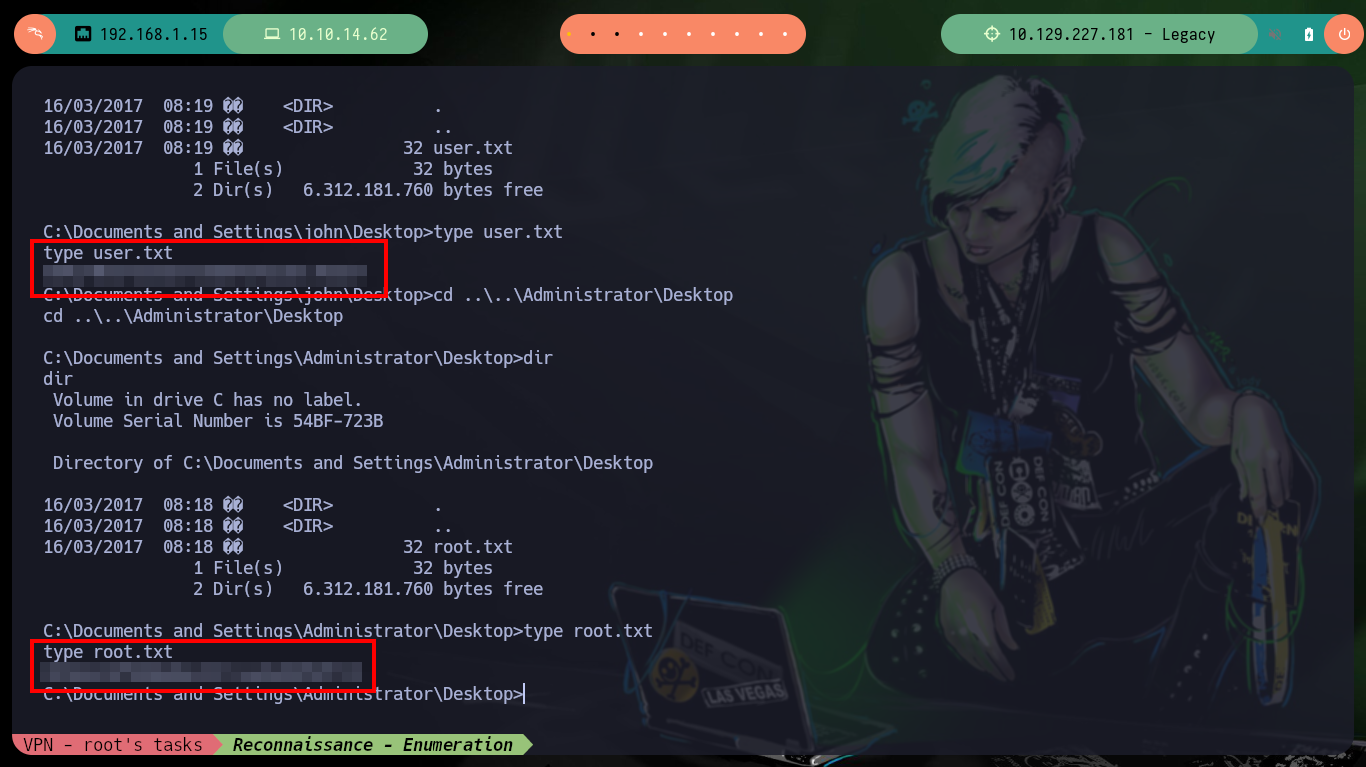 I remember that the SMB protocol version was also vulnerable to the MS08-067 exploit, so I also search on Github and find a project by andyacer, the ms08_067 exploit that might allow me to find another way to compromise the target machine. I just follow the steps they tell me, create a shellcode with msfvenom, modify the script and run it correctly, again I get access to the box. I still have the problem when executing the whoami command, but I can now access the user flags required by Hack The Box to prove the compromise of the box.
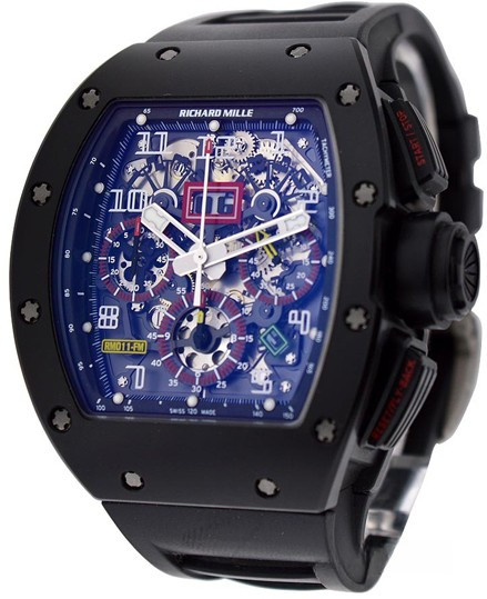 Часы Richard Mille RM 011 представлены в корпусе размером 49 х 38 мм из карбона водонерпоницаемостью до 50 метров. Внутри корпуса установлен автоматический механизм. На черном скелетированном циферблате отображаются часы, минуты, секунды, дата, накопители хронографа. Часы копмлектуются каучуковым ремешком с титановой вставкой.
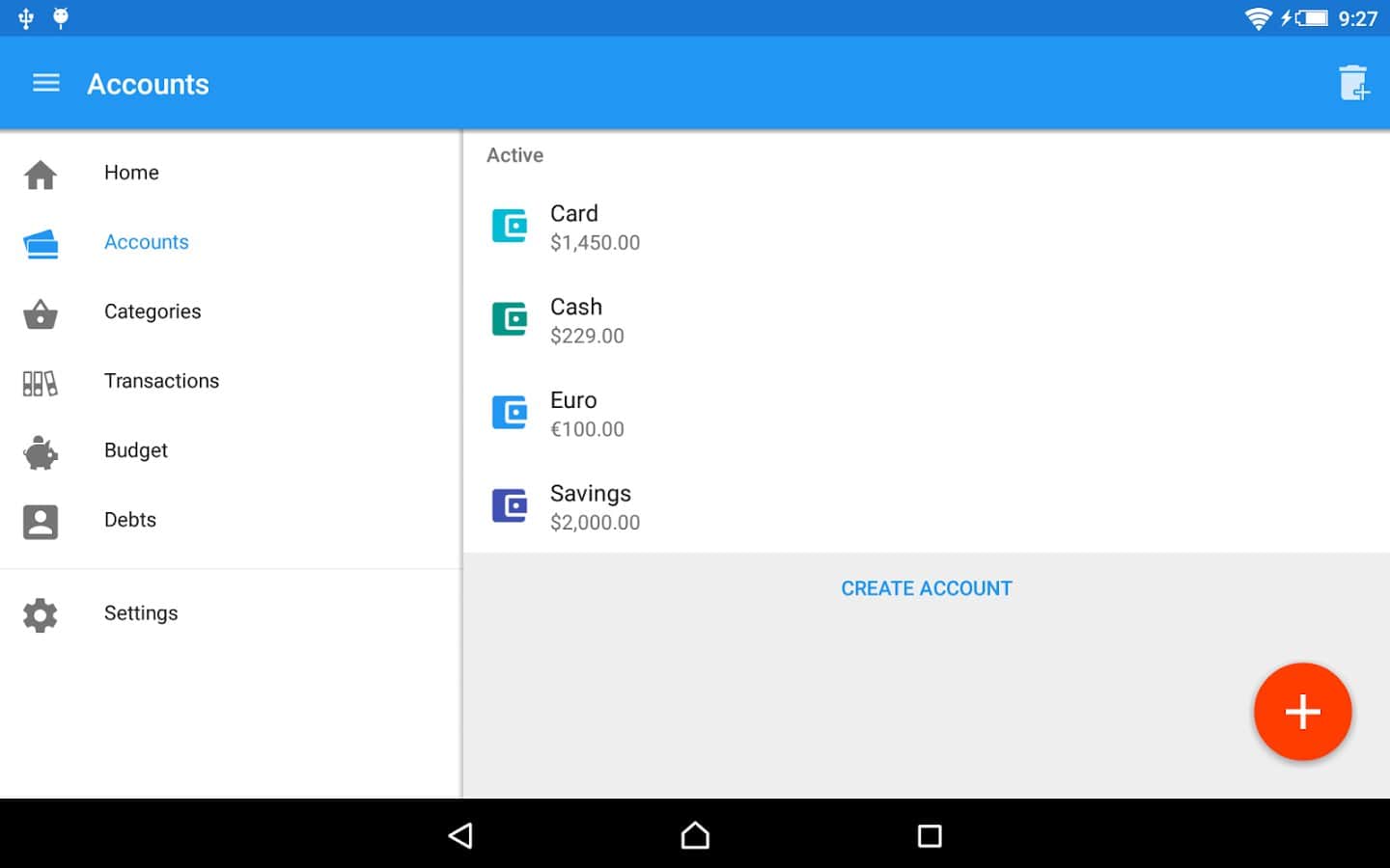 Создание счетов в разных валютах и разных типов (Наличные, Накопление, Банковский счёт, Банковская карта)
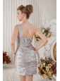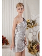 Silver Column One Shoulder Cocktail Dress Chiffon Ruch Mini-length
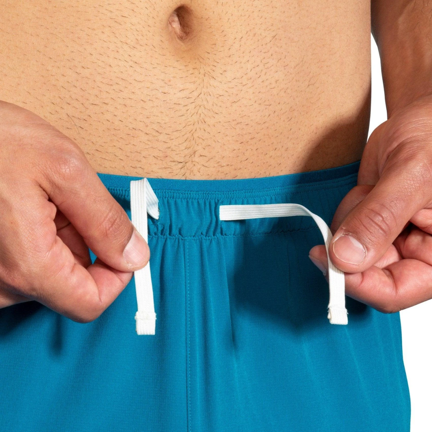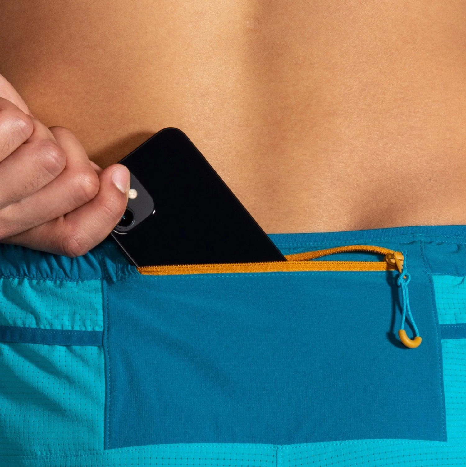 Notched side-split short allows for full range of motion while chafe-free boxer brief liner offers support.
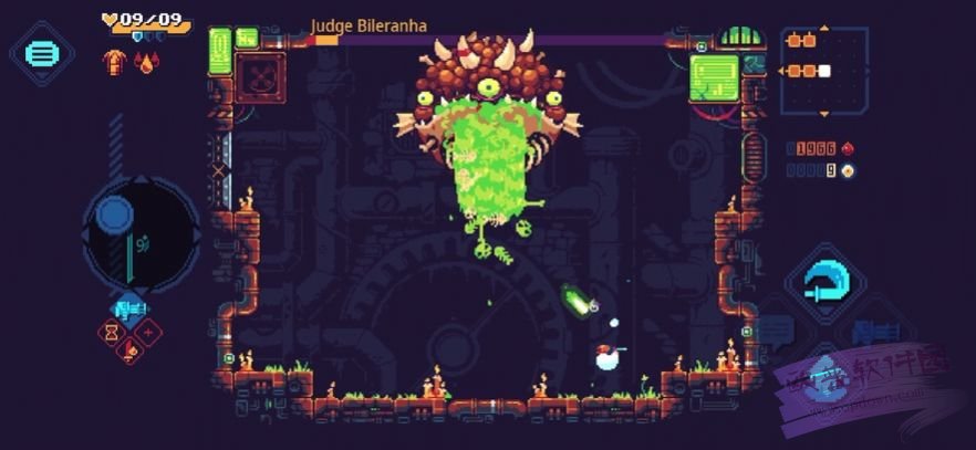 3、打boss的时候枪械的伤害也很给力,尤其是加特林这种大杀器,跳boss头上一通扫射,boss就少了小半条血,然后无敌斩,有无敌斩消敌人弹幕变子弹的天赋更好,捡起子弹,再跳boss头上一通射,boss基本就没了。
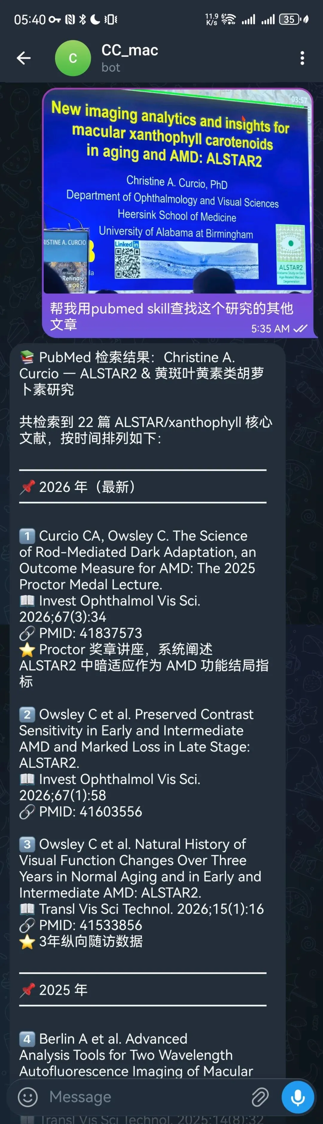 2、听课即查文献:参加学术讲座时,讲者提到一项研究,想了解更多?直接把拍的幻灯片照片发给 Bot,让 Claude Code 调用 PubMed Skill 检索该作者的相关文献——22 篇核心文献按年份整理,每篇附 PMID,边听课边掌握完整脉络:
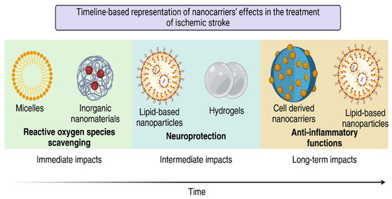 Timeline-based representation of nanocarrier effect in the treatment of ischemic stroke.
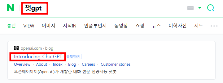 - 먼저 검색어 창에 '챗gpt 또는 OpenAi 공식 홈페이지'를 검색하셔서 사이트에 들어가주시면 됩니다.
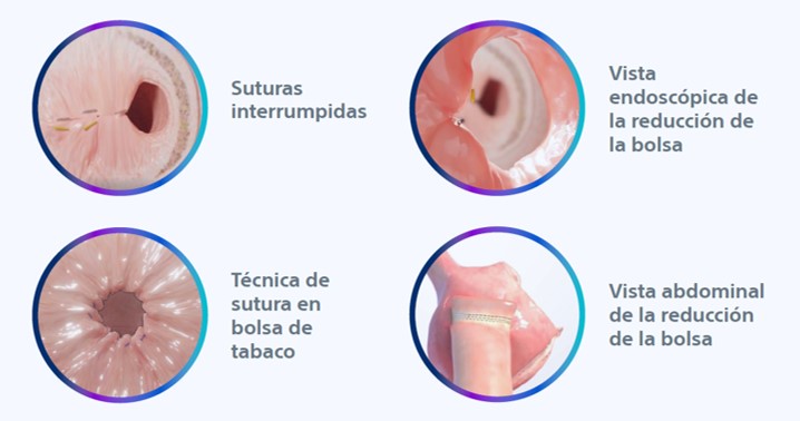 Mediante un dispositivo de sutura endoscópica conectado al extremo de un endoscopio, es posible reducir de forma significativa el tamaño del estómago. Se pueden realizar dos tipos de abordajes diferentes:

-----

WORK TO COMPLETE — Write out word for word the lines of the listing above from the line with "Silver Column One" to the line with "3、打boss的时候枪械的伤", taking in both of those lines but no pictures.

RESPONSE —
 Silver Column One Shoulder Cocktail Dress Chiffon Ruch Mini-length
 Notched side-split short allows for full range of motion while chafe-free boxer brief liner offers support.
 3、打boss的时候枪械的伤害也很给力,尤其是加特林这种大杀器,跳boss头上一通扫射,boss就少了小半条血,然后无敌斩,有无敌斩消敌人弹幕变子弹的天赋更好,捡起子弹,再跳boss头上一通射,boss基本就没了。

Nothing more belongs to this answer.